Article Text
Abstract
Background Immune checkpoint inhibitors (ICIs) provide enhanced survival benefits for lung cancer patients but can cause potentially fatal adverse events such as checkpoint inhibitor-related pneumonitis (CIP).
Methods This retrospective, case-control study enrolled 666 lung cancer patients receiving ICIs. Patients exhibiting The CIPs were divided into mild (grades 1–2) and severe (grades ≥3). Logistic regression identified risk factors for all grade and severe CIP, and a risk score for severe CIP was constructed. The model was validated in a separate patient cohort of 187 patients.
Results In the evaluation cohort, 95 patients developed CIP, of which 37 were severe cases Multivariate analysis revealed age ≥65 years (OR=1.95), current smoking (OR=3.00), chronic obstructive pulmonary disease (COPD, OR=2.49), squamous cell carcinoma (SCC, OR=1.67), prior thoracic radiotherapy (OR=3.12), and extrathoracic radiotherapy during ICI (OR=2.80) were independently associated with CIP events. Five factors, emphysema (OR=2.87), interstitial lung disease (ILD, OR=4.76), pleural effusion (OR=3.00), history of radiotherapy during ICI (OR=4.30), and single agent immunotherapy (OR=2.44) were independently associated with severe CIP and were incorporated into a risk-score model (score ranging 0–17). The area under the model receiver operating characteristic curve for the model was 0.769 in the evaluation cohort and 0.749 in the validation cohort (figure 1).

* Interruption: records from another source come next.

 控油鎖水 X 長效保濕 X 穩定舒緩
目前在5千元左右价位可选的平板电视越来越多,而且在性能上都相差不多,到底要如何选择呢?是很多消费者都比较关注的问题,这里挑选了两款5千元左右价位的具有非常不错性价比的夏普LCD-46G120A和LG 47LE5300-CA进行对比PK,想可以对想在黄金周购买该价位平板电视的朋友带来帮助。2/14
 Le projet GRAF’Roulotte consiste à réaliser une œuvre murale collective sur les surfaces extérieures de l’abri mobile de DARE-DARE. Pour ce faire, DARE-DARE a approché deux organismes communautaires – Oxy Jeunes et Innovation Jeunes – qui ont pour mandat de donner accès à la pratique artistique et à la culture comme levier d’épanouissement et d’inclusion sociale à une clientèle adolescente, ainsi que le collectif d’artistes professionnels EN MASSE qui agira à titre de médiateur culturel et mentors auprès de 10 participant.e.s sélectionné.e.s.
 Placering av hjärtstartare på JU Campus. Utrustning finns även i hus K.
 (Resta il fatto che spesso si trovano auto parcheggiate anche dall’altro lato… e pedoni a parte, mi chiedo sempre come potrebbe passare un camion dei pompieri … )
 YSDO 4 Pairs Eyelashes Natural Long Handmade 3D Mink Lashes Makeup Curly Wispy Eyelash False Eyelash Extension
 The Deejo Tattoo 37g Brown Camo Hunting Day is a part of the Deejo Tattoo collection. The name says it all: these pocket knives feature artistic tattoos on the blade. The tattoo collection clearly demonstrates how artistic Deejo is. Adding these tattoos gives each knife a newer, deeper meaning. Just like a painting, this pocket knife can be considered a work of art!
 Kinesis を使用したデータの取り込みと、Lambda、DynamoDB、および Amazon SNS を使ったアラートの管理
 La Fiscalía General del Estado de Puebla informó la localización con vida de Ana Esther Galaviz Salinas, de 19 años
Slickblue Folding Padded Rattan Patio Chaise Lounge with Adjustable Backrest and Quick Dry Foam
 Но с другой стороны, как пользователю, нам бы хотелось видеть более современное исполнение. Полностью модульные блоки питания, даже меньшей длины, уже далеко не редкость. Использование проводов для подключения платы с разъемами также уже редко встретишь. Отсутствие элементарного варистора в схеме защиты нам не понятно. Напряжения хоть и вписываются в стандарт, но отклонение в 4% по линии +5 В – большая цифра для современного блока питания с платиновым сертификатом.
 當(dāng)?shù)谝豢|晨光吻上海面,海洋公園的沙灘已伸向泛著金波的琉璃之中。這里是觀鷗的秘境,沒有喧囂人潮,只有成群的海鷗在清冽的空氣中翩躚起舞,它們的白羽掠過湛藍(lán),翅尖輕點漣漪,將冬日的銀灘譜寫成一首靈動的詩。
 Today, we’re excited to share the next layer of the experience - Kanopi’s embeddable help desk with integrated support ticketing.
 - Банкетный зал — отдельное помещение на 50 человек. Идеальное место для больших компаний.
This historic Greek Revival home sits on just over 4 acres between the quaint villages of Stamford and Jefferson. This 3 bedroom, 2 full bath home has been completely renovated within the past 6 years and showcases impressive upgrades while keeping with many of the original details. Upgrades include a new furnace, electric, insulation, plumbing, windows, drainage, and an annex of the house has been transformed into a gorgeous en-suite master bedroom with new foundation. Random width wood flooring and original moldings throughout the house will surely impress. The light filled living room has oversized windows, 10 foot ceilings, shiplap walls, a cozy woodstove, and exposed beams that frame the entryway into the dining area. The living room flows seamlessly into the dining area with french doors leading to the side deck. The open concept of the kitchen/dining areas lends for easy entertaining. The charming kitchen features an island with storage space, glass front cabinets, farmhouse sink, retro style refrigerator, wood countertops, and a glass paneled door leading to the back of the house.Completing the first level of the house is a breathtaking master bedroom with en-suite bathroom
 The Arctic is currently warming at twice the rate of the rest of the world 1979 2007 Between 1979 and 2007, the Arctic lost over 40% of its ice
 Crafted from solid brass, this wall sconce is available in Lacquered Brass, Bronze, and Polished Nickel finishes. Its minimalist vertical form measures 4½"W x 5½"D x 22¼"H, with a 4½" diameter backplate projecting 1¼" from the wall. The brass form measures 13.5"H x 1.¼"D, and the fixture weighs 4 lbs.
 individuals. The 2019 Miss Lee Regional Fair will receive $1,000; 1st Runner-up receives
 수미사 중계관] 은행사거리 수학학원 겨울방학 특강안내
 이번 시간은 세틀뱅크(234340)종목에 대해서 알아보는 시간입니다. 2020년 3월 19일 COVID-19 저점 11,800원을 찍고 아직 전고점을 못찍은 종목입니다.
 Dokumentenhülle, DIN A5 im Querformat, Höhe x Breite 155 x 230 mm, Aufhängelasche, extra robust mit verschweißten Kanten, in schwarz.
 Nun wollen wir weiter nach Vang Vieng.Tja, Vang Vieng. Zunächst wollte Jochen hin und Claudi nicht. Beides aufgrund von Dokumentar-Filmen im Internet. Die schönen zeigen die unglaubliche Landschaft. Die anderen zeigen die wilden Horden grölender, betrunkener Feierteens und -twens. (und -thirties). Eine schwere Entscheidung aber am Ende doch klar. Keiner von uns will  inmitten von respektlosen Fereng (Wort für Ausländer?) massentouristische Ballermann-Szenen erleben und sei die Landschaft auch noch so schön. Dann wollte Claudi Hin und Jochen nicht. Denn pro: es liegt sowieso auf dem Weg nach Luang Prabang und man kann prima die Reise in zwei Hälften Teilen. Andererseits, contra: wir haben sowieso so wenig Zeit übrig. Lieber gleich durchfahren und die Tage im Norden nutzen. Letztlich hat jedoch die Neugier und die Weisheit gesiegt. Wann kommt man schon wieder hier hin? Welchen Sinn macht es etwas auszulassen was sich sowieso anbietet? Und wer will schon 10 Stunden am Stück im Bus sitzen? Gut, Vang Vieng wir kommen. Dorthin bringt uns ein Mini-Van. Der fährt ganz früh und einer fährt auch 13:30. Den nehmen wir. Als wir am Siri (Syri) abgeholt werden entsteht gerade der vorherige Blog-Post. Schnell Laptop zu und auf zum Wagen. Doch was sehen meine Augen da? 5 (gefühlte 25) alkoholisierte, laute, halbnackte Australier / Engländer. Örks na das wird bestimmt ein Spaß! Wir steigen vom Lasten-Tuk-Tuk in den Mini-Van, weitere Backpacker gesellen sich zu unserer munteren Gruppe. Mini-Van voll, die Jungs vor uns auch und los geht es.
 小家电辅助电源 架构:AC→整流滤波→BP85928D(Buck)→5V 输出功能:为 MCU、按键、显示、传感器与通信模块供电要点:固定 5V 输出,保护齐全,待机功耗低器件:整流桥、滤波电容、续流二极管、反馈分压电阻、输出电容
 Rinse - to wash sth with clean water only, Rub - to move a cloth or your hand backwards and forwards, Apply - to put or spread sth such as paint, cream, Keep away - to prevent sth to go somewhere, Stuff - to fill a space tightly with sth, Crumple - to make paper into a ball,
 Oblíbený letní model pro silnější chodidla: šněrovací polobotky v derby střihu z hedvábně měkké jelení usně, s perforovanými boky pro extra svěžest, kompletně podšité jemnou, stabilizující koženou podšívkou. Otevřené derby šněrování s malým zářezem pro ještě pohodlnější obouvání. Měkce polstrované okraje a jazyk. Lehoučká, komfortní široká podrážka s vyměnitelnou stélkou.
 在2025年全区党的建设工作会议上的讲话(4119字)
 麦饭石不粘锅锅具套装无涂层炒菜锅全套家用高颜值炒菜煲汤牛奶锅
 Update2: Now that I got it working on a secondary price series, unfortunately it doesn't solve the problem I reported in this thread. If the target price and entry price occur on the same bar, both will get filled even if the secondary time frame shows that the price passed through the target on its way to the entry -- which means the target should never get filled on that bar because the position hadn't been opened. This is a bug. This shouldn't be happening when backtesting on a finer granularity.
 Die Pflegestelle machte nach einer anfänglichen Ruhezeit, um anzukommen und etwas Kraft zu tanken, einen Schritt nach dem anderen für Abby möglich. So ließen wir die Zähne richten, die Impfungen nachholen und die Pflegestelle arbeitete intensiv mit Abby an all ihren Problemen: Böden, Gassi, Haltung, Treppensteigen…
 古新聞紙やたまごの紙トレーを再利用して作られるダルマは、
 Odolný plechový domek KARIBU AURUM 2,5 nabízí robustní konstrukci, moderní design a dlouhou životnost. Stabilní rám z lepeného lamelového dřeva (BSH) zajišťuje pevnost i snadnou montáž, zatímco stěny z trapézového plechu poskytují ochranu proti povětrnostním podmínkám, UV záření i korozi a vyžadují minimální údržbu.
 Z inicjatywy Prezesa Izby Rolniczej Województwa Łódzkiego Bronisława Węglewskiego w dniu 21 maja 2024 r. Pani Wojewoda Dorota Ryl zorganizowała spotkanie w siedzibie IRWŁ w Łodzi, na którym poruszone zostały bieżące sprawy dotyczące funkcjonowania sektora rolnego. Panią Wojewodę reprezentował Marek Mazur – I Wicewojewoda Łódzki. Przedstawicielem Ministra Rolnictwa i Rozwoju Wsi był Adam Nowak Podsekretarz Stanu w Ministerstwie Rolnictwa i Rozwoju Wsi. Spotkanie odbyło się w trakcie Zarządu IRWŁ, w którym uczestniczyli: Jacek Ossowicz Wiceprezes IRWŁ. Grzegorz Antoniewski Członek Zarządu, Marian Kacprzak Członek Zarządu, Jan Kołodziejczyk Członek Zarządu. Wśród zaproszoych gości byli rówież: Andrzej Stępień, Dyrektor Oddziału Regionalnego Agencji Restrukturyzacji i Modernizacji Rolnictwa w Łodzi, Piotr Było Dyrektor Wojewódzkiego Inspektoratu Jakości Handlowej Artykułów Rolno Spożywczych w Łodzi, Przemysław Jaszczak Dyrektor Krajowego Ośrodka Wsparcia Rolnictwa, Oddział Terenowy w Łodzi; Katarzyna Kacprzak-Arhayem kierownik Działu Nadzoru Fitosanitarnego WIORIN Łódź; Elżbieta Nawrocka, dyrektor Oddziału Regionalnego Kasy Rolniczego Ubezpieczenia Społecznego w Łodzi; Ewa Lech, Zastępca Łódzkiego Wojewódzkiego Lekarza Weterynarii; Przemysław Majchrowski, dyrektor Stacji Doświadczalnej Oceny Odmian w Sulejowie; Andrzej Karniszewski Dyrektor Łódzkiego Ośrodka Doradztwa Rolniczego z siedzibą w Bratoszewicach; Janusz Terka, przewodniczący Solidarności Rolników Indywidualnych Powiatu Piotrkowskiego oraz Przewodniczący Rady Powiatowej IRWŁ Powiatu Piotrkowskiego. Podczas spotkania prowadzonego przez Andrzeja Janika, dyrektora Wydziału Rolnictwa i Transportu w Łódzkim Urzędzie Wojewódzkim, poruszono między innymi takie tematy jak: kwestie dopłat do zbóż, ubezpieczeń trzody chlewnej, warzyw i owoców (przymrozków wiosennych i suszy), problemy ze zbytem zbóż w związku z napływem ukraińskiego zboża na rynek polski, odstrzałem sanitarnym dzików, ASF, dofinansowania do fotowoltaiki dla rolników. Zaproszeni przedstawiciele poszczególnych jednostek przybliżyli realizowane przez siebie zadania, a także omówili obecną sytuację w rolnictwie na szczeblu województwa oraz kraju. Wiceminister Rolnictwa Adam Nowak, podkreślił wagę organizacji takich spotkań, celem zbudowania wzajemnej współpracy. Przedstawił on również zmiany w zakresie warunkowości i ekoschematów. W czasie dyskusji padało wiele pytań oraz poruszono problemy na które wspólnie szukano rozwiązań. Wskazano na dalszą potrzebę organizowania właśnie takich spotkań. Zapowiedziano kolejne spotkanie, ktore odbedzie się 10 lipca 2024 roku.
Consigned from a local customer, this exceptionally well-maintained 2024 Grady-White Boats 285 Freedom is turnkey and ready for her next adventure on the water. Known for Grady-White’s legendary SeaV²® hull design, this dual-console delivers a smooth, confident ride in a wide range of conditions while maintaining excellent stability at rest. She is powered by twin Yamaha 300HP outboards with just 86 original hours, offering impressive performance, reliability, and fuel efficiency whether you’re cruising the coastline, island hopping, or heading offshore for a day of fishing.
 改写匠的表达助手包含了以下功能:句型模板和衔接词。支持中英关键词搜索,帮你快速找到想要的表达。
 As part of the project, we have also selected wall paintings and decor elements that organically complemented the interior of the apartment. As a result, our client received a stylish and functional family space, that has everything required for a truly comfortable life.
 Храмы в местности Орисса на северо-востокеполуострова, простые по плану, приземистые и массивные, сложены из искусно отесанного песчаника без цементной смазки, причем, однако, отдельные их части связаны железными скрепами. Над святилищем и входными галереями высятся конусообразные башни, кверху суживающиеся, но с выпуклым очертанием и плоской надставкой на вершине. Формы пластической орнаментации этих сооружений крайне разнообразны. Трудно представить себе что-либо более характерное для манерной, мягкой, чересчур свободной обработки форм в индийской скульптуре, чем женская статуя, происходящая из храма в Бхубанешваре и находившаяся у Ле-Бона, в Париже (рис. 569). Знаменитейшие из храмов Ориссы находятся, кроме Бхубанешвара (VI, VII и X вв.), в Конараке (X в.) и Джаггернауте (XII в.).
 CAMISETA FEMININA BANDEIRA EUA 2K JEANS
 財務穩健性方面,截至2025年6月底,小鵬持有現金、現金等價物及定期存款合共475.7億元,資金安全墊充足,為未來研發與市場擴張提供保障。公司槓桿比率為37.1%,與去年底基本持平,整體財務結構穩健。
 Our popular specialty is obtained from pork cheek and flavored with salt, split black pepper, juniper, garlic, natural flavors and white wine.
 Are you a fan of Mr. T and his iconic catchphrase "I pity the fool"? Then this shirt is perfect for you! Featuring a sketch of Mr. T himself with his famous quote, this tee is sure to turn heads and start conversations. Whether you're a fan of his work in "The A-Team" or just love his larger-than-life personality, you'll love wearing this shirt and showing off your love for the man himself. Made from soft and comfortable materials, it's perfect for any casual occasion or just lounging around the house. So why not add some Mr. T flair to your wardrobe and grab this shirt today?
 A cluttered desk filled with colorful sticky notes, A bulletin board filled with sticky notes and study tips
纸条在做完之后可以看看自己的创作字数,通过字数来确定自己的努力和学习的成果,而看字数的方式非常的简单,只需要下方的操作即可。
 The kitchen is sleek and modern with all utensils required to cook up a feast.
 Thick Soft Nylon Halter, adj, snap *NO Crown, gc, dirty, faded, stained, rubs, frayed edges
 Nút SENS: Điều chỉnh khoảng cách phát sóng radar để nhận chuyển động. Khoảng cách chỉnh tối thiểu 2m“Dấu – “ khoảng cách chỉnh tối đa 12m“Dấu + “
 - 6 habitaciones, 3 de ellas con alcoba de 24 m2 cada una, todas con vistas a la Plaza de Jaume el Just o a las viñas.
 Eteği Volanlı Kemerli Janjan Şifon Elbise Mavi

Conclusions Advanced age, current smoking, COPD, SCC, previous thoracic radiotherapy and extrathoracic radiotherapy during ICI treatment were independent risk factors for CIP incidence. The risk of severe CIP was observed to be independently associated with emphysema, ILD, pleural effusion, radiotherapy during ICI, and immunotherapy alone. The model has a promising predictive capacity for severe pneumonitis.
Ethics Approval This study was approved by the local Ethics Committee of the First Affiliated Hospital of Guangzhou Medical University (No.2021-38).